DATA SEGMENT:

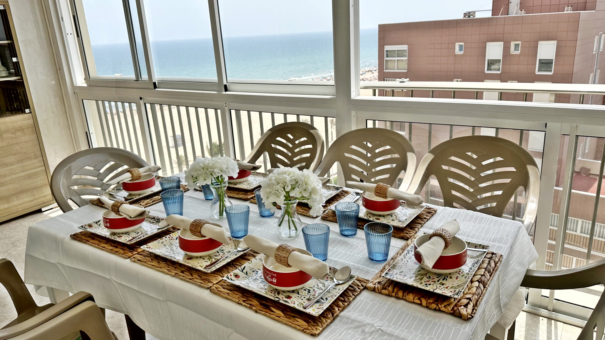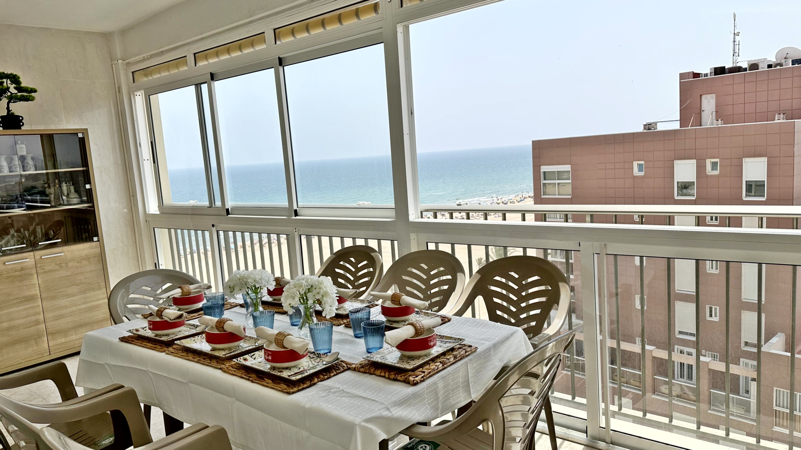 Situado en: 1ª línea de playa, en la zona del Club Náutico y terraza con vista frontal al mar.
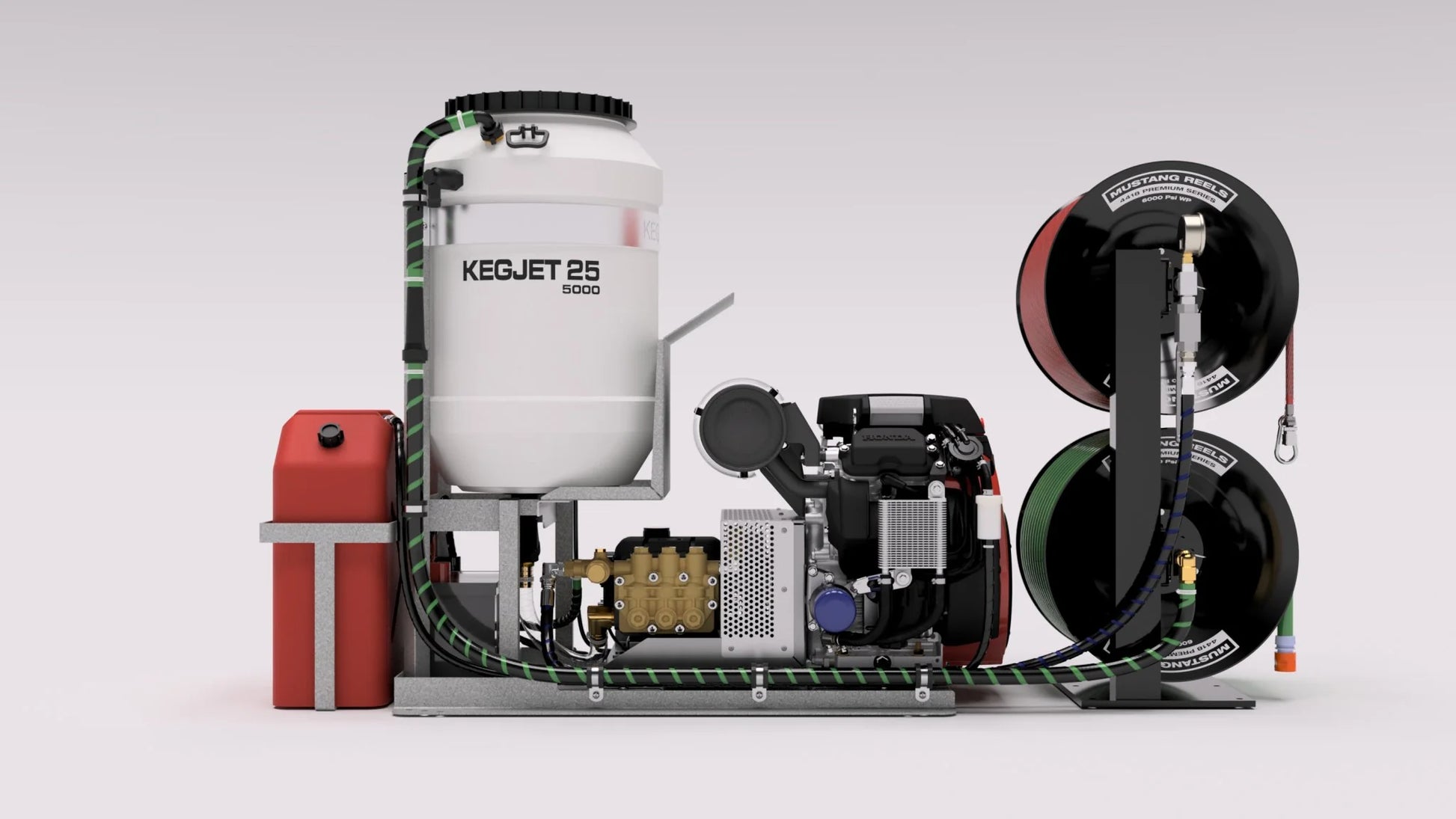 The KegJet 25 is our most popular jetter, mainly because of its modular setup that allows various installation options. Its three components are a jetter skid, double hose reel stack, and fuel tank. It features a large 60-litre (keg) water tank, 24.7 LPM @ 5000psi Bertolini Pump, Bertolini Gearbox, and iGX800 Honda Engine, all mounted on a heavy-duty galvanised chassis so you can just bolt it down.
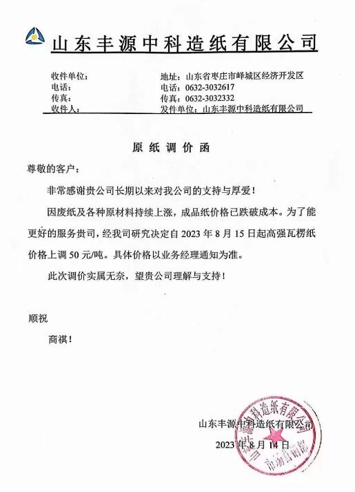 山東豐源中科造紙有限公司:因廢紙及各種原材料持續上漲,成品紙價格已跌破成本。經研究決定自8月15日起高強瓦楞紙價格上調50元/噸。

YOUR GOAL: The data above must be reproduced exactly, without any of its pictures.

TASK OUTPUT:
 Situado en: 1ª línea de playa, en la zona del Club Náutico y terraza con vista frontal al mar.
 The KegJet 25 is our most popular jetter, mainly because of its modular setup that allows various installation options. Its three components are a jetter skid, double hose reel stack, and fuel tank. It features a large 60-litre (keg) water tank, 24.7 LPM @ 5000psi Bertolini Pump, Bertolini Gearbox, and iGX800 Honda Engine, all mounted on a heavy-duty galvanised chassis so you can just bolt it down.
 山東豐源中科造紙有限公司:因廢紙及各種原材料持續上漲,成品紙價格已跌破成本。經研究決定自8月15日起高強瓦楞紙價格上調50元/噸。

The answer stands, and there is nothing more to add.